Gravé sous la houlette de Mack, reconnu pour son travail sur les Queen des années 80, et choix donc à priori curieux, Dehumanizer voit le jour en 1992. C’est une réussite et probablement alors le meilleur disque que Black Sabbath ait enfanté depuis le décrié Born Again (1983), avec lequel il partage en outre une direction ultra-pesante identique (c'était du reste déjà le cas de Headless Cross). Œuvre glaciale et sombre, il est construit sur une succession de titres au tempo très lourd.
En ouverture, "Computer God", impose d’emblée ses traits sculptés au burin. Avec son introduction lugubre à souhait, "After All (The Dead)" s’enfonce encore un peu plus dans des rivages heavy aux confins du doom. "Letters From Earth", le grandiose "Too Late", sommet d’émotions et proche des perles épiques parsemant Mob Rules (façon "Sign Of The Southern Cross" par exemple) ou le presque malsain "Buried Alive", qui voit le guitariste se fendre d'un solo sur lequel plane l’ombre de "Lonely Is The Word" sont les marches successives qui descendent dans les arcanes d’un monde en perdition. Certaines compos affichent une cadence plus véloce, telles que "TV Crimes" ou "Time Machine", émaillé d’une intervention nerveuse du gaucher, mais restent minoritaires, ce dont on ne se plaindra pas car elles ne sont pas les plus marquantes du lot.

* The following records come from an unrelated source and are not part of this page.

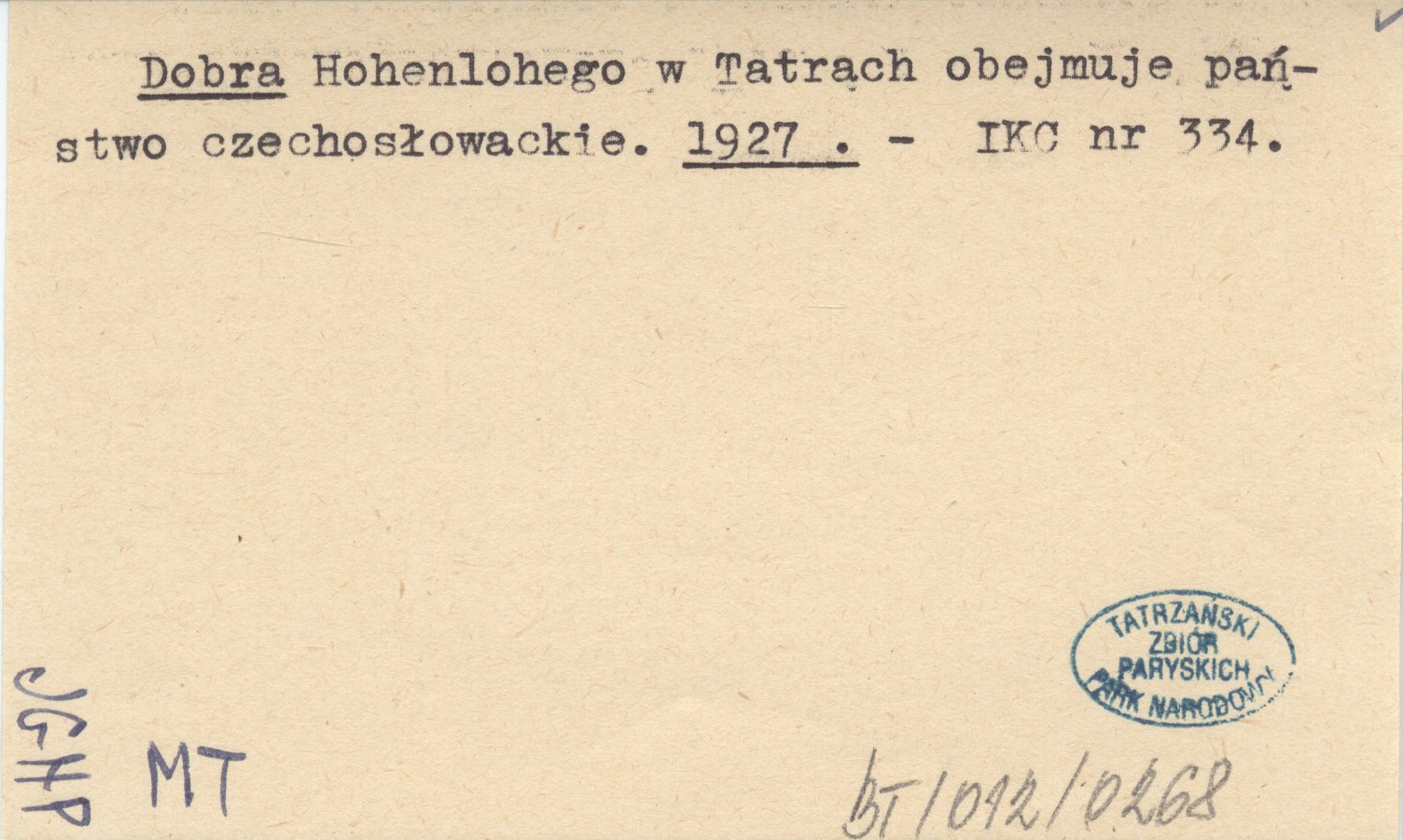 Dobra Hohenlohego w Tatrach obejmuje państwo czechosłowackie. 1927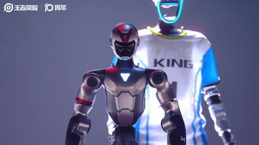 同台的G1人形机器人战队,化身游戏中的红蓝小兵与马可波罗等角色;宇树GO2四足机器人也惊喜登场,分别cos成游戏中的“猪怪”与“狼怪”。这些表演既反映了王者十周年盛典官方对于节目的设计用心与精细,是游戏与科技在多领域融合的尝试,也展现出宇树科技在多样化机器人形态与互动应用方面的全面技术布局。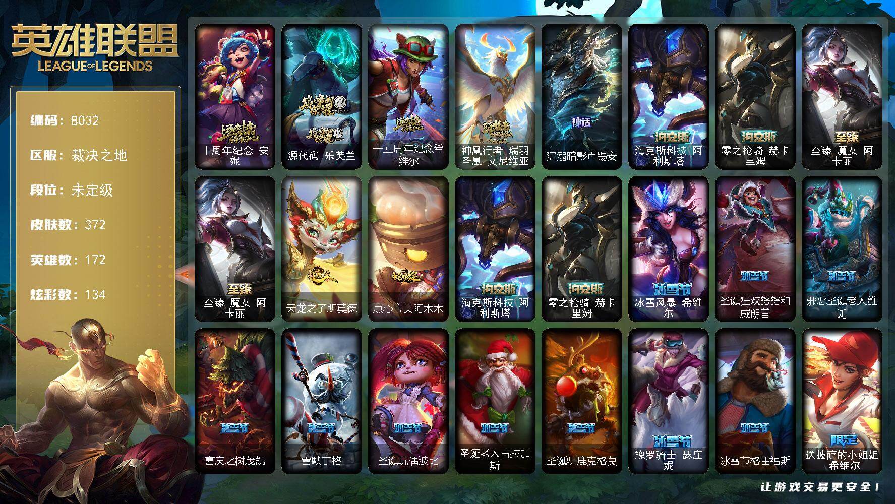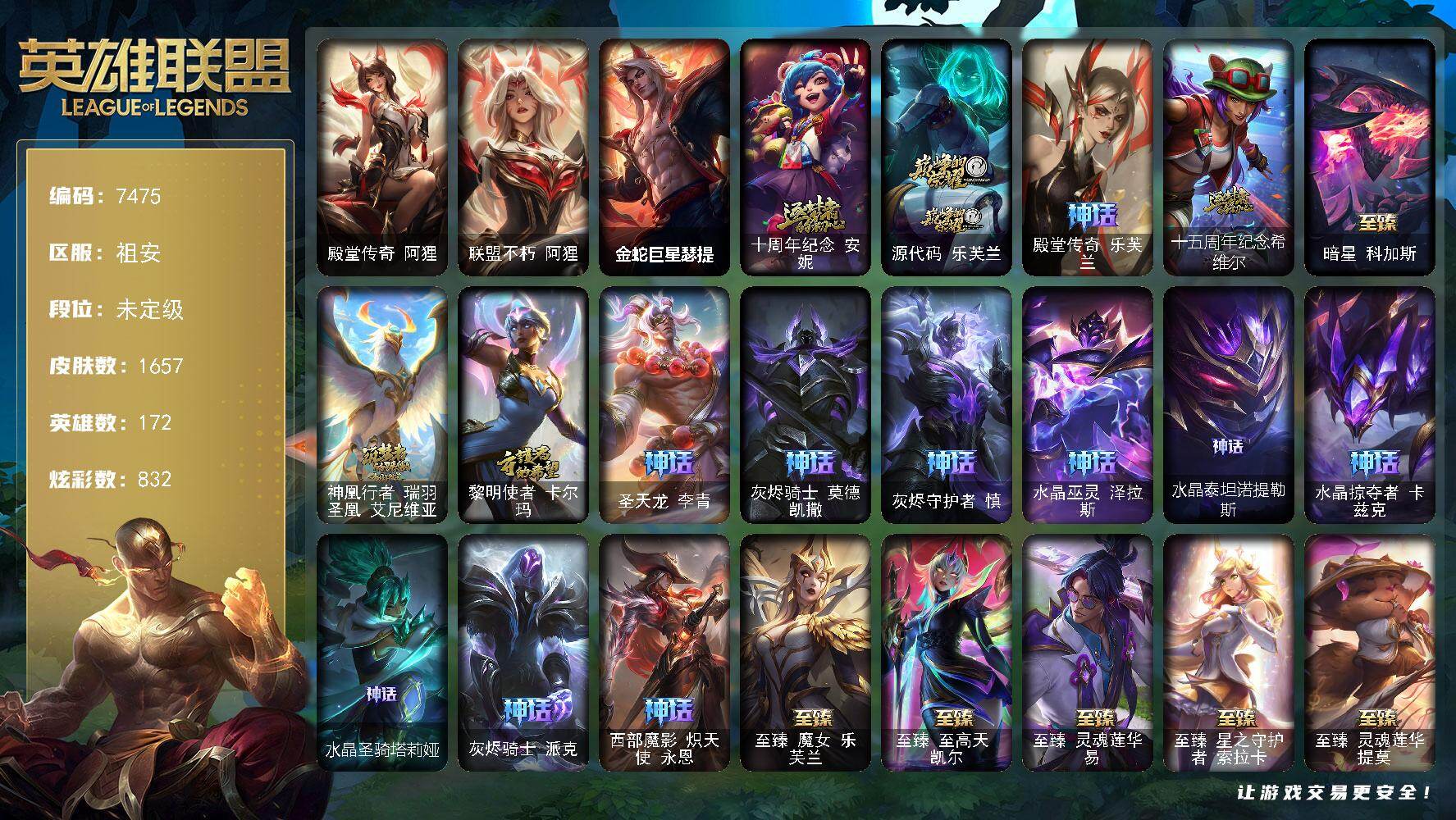 172英雄/305皮肤/5神话/56限定/7臻彩/47炫彩/32传说/59史诗/钻石/十周年纪念安妮/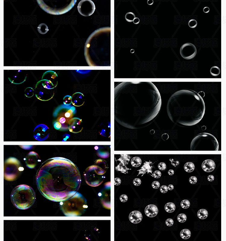 PSD-1598, Bộ 101 PSD + JPG vật liệu phủ studio ảnh album cưới bong bóng xà phòng màu trong suốt mơ màng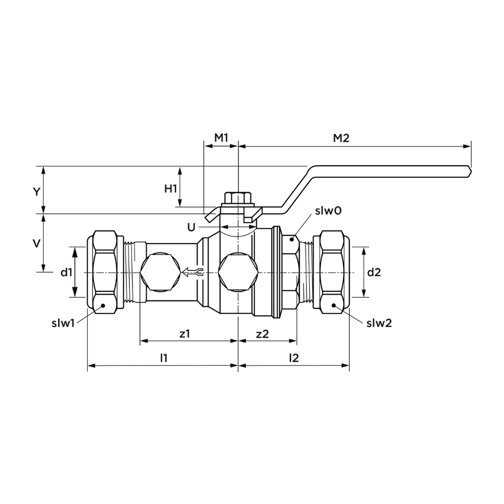 - DN20: d1 = d2 = 22.0 mm, l1 = 65 mm, z1 = 41 mm, slw1 = slw2 = 32 mm, slw0 = 30 mm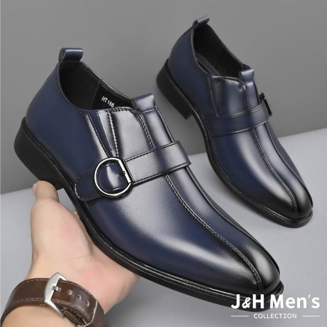 J&H collection男士商務風格亮澤牛皮皮鞋 樂福鞋(黑色/棕色/藍色)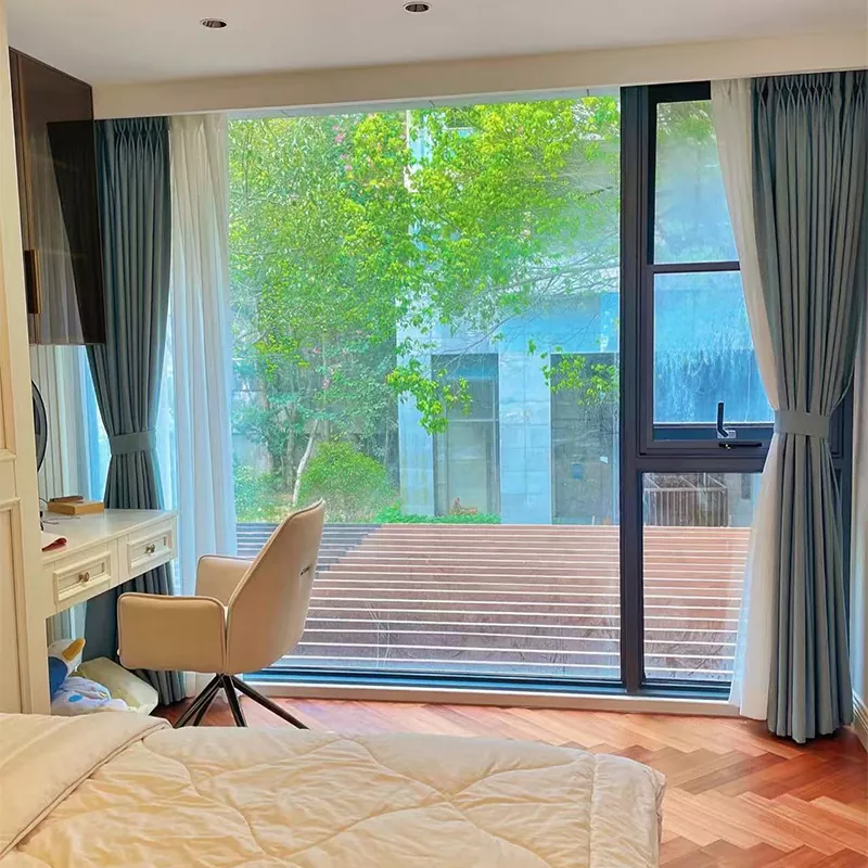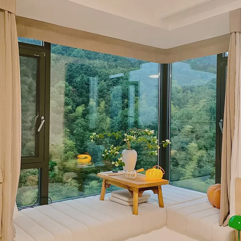 Konstrukcijoje yra „anoduoto aliuminio lydinio rėmo + grūdinto stiklo“ konstrukcija su integruotu kampiniu mazgu tolygiai paskirstyti įtampą, užtikrinant stabilumą išlaikant lengvą rėmą. Langai su langais yra įrengti išoriniai arba paslėpti aliuminio lydinio vyriai, atsidarantys 90° kampu ir sandarūs uždarant. Slydimas langai turi tylią bėgių sistemą, kuri sklandžiai slysta, sumažina triukšmą ir taupo erdvę – idealiai tinka mažiems butai.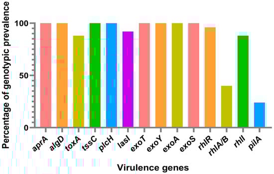 The percentage of each virulence gene found within the P. aeruginosa isolates derived from dogs at the INNO Veterinary Laboratory, Braga, Portugal, between November 2021 and December 2021.
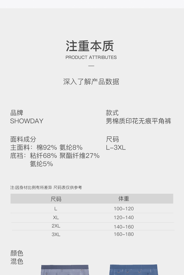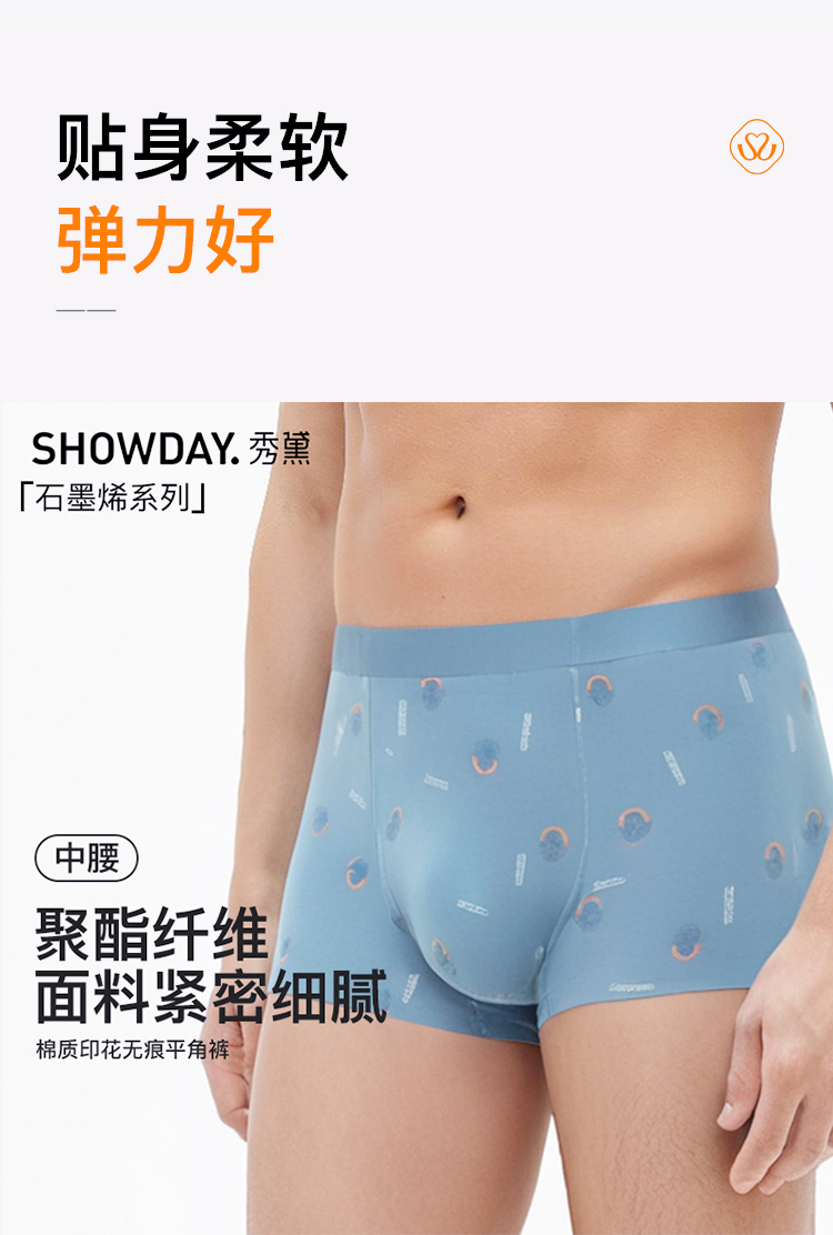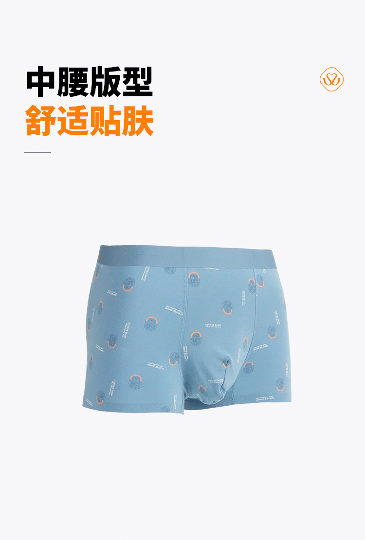 男棉质印花无痕平角裤
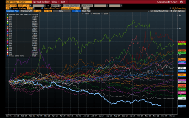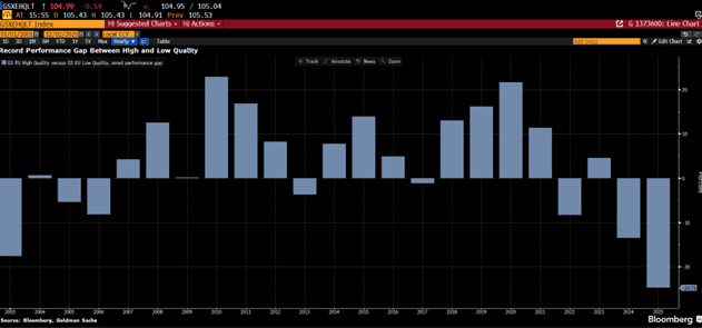 En väldigt tydlig trend i år är kvalitetsbolags svaga kursutveckling jämfört med bolag som har lägre kvalitet (cyklisk, lägre ROCE och vinsttillväxt). Goldman Sachs har en korg av europeiska kvalitetsaktier och mätt sedan 2002 har den aldrig tidigare utvecklats så svagt relativt bolag av låg kvalitet. Innevarande år är den ljusblå linjen längst ned i bilden.

Avec un album de cet acabit sous le bras, Black Sabbath aurait dû ensuite transformer l’essai sur scène. Il n’en est rien. Si les concerts sont bons et font le plein, l’entente cordiale entre les musiciens se dégrade et lorsque le groupe accepte d’ouvrir pour Ozzy Osbourne lors de ses deux concerts d’adieu (?), Dio claque la porte et se voit remplacé par Rob Halford. L’épisode Dehumanizer s’achève donc sur une note amère. Opus oublié et mésestimé, ceci expliquant sans doute cela, il mérite de fait d’être (re)découvert. Les prestations offertes par Heaven And Hell depuis 2007, en n'hésitant à piocher dans son menu, ont rappelé sa réussite à notre bon souvenir.